DATA SECTION:

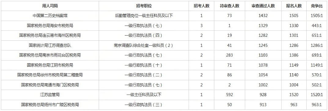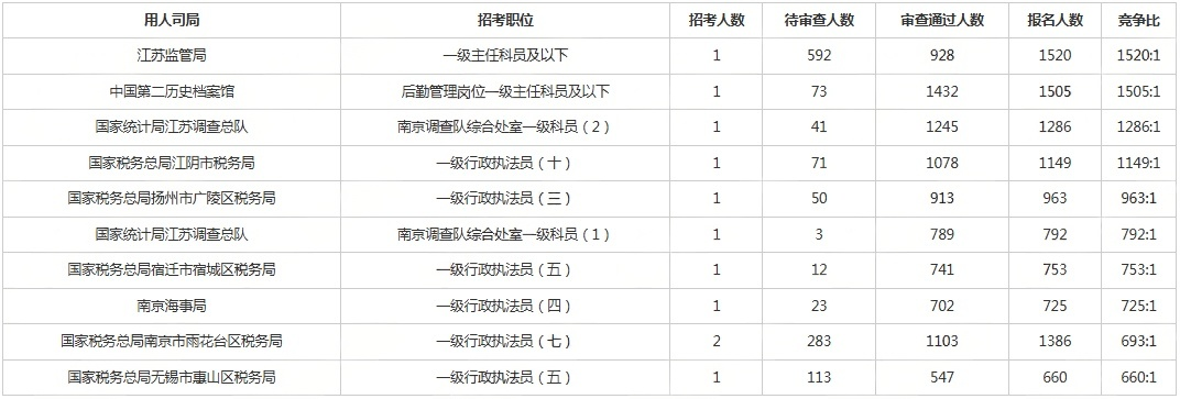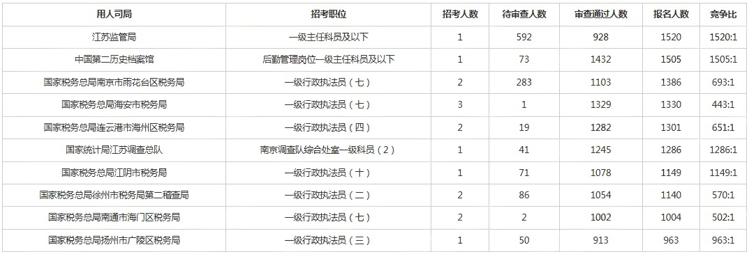 江苏职位*高竞争比1520:1
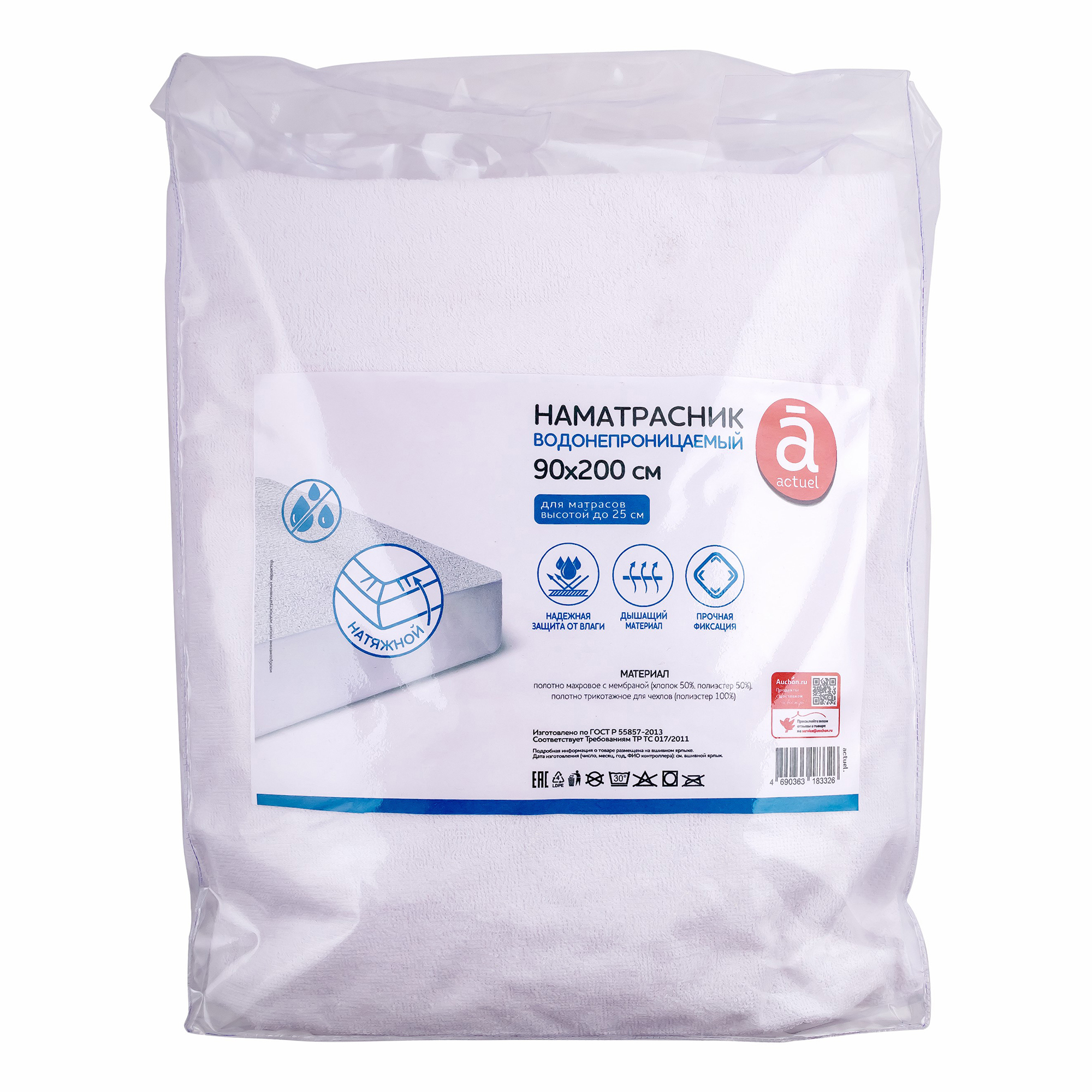 Наматрасник Actuel 90x200 см водонепроницаемый белый 100054198436
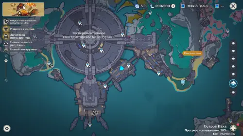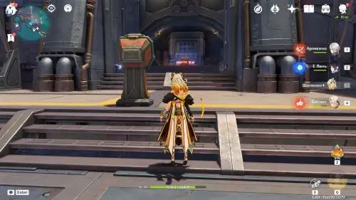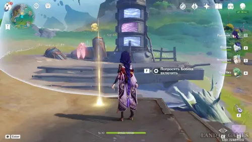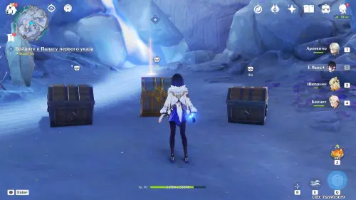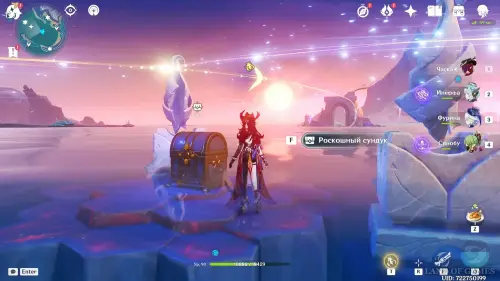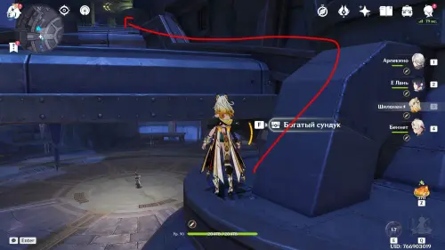 Переместитесь к самому юго-восточному телепорту указанной локации, а затем пройдите немного на северо-запад за ворота, войдя на территорию комплекса Фатуи. В помещении справа вы обнаружите заблокированный роскошный сундучок. Подойдите к терминалу и активируйте сухопутные крейсера, а затем уничтожьте их.

WHAT NEEDS TO BE DONE:
Exactly as given, transcribe every line of the data, but not its images.

TASK RESPONSE:
 江苏职位*高竞争比1520:1
 Наматрасник Actuel 90x200 см водонепроницаемый белый 100054198436
 Переместитесь к самому юго-восточному телепорту указанной локации, а затем пройдите немного на северо-запад за ворота, войдя на территорию комплекса Фатуи. В помещении справа вы обнаружите заблокированный роскошный сундучок. Подойдите к терминалу и активируйте сухопутные крейсера, а затем уничтожьте их.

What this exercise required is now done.